Fast Charging (10 -> 80%)
Leaf V4 50
Rapid charging enables longer journeys by adding as much range as possible in the shortest amount of time. Charging power will decrease significantly after 80% state-of-charge has been reached. A typical rapid charge therefore rarely exceeds 80% SoC. The rapid charge rate of an EV depends on the charger used and the maximum charging power the EV can handle. The table below shows all details for rapid charging the Nissan Leaf.
Leaf V4 5 Mod
- Max. Power: maximum power provided by charge point
- Avg. Power: average power provided by charge point over a session from 10% to 80%
- Time: time needed to charge from 10% to 80%
- Rate: average charging speed over a session from 10% to 80%
Europe
CHAdeMO |
---|
Charging Point | Max. Power | Avg.
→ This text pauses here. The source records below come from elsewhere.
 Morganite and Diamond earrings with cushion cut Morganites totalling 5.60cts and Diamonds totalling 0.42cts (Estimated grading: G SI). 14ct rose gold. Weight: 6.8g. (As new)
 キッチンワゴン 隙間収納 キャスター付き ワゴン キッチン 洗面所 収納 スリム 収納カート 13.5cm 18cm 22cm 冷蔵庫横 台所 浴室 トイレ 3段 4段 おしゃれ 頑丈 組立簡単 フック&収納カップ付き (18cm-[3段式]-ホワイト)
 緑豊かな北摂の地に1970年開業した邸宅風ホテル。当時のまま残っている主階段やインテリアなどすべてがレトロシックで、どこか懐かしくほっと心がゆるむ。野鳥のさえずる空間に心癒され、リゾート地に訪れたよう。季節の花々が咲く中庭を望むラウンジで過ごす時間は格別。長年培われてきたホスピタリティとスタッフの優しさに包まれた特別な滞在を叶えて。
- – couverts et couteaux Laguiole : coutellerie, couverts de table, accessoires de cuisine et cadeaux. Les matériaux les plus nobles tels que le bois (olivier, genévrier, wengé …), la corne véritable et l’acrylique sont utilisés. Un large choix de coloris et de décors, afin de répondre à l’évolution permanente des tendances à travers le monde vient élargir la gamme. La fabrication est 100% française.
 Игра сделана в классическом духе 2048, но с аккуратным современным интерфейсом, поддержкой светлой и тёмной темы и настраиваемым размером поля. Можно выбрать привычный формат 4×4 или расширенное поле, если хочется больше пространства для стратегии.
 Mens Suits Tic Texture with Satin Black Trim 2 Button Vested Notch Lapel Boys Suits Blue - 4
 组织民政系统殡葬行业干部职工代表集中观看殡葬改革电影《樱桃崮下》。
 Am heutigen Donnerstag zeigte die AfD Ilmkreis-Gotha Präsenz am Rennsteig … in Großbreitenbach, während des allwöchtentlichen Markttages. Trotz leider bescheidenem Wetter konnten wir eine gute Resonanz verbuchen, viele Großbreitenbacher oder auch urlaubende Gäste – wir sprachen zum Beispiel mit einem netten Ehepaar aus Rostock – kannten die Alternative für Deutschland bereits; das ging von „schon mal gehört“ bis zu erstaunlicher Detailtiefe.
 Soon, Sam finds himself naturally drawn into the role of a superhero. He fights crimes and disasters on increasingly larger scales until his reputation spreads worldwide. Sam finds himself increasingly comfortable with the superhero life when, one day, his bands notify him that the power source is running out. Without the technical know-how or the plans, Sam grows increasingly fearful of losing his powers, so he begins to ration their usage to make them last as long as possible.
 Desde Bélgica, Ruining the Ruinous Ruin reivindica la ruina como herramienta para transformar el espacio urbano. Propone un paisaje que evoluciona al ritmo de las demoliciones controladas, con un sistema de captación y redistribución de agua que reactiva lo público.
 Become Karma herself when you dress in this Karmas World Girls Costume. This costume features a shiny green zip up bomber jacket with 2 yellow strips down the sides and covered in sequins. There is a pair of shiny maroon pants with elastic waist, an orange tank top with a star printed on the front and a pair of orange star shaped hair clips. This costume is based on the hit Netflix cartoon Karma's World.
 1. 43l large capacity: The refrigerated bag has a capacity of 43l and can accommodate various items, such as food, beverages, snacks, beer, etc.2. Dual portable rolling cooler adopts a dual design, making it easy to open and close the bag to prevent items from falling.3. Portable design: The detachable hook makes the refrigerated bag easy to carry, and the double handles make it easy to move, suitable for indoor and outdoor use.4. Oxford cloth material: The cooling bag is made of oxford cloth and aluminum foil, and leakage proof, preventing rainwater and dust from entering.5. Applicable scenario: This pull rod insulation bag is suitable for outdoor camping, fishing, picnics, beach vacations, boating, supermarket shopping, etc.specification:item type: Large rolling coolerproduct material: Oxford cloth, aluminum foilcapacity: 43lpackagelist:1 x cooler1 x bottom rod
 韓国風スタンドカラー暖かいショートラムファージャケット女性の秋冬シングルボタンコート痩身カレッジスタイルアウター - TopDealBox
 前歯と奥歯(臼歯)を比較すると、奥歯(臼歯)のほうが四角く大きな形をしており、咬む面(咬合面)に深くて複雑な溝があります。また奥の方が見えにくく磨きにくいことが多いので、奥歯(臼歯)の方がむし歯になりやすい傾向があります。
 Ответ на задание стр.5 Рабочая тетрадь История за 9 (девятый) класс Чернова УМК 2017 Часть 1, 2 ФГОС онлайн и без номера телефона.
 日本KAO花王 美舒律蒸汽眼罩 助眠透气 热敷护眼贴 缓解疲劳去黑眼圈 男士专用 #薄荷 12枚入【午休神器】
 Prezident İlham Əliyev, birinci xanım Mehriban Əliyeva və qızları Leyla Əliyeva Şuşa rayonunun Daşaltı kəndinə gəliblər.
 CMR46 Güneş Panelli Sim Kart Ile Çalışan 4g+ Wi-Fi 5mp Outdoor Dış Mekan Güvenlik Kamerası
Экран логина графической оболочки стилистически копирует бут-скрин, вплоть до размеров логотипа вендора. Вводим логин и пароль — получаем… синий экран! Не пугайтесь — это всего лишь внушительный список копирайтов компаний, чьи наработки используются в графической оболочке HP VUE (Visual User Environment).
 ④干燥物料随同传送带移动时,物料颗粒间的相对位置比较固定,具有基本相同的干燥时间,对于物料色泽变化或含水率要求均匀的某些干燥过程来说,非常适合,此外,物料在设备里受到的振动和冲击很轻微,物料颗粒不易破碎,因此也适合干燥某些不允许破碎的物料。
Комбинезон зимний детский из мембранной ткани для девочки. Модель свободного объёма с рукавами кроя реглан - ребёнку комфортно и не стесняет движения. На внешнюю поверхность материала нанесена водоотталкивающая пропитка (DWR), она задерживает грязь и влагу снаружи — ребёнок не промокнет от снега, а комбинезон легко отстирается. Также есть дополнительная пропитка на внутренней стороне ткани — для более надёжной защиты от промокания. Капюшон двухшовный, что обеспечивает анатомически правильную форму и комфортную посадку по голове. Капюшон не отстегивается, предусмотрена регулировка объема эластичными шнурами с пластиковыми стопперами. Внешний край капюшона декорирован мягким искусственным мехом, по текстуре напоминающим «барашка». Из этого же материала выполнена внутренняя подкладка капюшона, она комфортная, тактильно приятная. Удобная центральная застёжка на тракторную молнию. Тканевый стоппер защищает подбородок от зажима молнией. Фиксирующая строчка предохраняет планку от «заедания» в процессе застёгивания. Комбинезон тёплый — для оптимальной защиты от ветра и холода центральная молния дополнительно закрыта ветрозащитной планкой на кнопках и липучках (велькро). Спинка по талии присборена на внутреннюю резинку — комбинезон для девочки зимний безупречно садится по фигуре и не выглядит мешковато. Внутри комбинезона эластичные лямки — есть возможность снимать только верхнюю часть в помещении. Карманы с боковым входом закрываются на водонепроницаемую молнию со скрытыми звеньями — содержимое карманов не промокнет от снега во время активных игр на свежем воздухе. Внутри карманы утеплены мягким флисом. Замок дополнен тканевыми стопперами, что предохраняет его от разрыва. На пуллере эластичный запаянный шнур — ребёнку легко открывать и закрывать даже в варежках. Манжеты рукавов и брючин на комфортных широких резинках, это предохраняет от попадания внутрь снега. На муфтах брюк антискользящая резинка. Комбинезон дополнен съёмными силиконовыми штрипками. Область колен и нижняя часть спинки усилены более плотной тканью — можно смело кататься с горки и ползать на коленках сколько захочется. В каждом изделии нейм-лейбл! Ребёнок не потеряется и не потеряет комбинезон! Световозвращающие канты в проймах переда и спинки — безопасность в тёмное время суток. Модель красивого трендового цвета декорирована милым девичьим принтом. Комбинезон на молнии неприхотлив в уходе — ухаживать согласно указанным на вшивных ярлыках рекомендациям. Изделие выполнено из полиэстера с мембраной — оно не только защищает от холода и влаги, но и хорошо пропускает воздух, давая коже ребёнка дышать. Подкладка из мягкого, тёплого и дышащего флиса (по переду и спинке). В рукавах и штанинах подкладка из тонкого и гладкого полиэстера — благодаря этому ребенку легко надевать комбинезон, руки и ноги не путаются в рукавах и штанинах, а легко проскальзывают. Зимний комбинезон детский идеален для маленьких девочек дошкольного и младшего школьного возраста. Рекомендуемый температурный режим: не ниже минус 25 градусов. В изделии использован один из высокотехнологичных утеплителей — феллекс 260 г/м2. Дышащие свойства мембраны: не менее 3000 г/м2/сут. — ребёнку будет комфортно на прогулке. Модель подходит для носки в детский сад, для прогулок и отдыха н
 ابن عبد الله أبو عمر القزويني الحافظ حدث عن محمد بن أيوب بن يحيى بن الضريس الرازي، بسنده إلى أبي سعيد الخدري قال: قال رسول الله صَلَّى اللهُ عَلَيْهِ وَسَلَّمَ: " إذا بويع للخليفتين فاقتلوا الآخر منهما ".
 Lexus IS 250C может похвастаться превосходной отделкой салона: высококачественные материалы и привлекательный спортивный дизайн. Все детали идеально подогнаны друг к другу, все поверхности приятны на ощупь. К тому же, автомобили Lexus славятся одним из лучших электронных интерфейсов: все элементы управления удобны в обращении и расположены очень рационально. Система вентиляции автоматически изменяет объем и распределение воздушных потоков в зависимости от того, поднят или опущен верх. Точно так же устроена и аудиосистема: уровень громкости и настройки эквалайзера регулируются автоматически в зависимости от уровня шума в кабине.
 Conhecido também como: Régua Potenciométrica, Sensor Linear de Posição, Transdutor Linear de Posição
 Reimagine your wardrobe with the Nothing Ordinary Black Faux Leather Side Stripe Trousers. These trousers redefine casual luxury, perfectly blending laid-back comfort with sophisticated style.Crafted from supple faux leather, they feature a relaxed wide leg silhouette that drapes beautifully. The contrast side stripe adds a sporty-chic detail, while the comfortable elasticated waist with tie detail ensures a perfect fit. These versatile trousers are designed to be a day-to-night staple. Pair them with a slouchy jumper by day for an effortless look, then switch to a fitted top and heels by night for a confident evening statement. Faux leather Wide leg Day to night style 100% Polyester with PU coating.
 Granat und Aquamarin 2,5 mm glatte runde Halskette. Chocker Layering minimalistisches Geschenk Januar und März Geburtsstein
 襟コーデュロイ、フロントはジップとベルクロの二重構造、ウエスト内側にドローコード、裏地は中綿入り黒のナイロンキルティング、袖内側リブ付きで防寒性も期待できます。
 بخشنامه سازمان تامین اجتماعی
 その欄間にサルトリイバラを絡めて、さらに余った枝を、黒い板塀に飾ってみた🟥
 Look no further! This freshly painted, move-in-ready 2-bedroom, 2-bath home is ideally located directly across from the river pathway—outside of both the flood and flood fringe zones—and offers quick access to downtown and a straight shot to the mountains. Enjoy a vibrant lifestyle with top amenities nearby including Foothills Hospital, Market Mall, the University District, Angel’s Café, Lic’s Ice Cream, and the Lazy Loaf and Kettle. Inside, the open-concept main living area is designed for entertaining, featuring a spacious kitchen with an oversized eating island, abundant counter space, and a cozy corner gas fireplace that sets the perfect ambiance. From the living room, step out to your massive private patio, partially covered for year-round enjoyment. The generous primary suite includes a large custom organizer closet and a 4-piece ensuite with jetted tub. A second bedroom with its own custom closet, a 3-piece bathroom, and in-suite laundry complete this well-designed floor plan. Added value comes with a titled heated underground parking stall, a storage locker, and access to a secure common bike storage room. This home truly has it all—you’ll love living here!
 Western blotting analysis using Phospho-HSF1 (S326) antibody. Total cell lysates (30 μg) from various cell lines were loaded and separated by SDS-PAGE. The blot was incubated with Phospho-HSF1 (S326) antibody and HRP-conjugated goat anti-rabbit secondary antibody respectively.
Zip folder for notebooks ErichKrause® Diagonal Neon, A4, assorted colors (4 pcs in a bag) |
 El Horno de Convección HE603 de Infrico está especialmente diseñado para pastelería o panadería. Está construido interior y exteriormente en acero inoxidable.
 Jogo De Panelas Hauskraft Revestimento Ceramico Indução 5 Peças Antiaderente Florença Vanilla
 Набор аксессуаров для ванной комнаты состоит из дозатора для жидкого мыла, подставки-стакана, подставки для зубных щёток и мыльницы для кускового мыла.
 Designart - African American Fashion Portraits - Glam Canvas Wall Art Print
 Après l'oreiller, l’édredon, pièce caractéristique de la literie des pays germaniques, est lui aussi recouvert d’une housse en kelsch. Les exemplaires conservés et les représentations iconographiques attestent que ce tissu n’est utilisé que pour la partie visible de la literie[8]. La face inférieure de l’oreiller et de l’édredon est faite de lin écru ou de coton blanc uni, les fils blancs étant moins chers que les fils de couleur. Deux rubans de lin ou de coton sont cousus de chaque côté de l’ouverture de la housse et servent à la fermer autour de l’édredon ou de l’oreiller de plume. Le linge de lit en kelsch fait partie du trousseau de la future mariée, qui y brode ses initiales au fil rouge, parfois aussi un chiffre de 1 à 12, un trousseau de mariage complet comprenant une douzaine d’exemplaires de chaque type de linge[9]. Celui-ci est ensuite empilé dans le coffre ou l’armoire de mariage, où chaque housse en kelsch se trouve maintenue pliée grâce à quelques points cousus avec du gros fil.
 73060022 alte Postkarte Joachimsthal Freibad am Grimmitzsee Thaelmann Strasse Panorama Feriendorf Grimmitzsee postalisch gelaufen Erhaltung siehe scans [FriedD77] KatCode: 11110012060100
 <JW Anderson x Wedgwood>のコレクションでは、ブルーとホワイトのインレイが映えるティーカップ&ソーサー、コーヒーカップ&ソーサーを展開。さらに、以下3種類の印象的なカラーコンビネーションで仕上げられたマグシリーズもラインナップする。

Power | Time | Rate |
---|---|---|---|---|
CHAdeMO (50 kW DC) | 46 kW † | 40 kW † | 40 min | 230 km/h |
Charge Curve |
---|
Data made available by Fastned |
† = Limited by charging capabilities of vehicle Typerider 1 0 1.
Actual charging rates may differ from data shown due to factors like outside temperature, state of the battery and driving style.
Preceding model
The model shown on this page is the successor of the Nissan Leaf 24 kWh, which was available from June 2013 until February 2018. The previous model had 90 km less range, 46% slower acceleration and was 3% less energy efficient.
Preceding model
The model shown on this page is the successor of the Nissan Leaf 30 kWh, which was available from September 2015 until February 2018. The previous model had 50 km less range, 46% slower acceleration and was similar in energy consumption.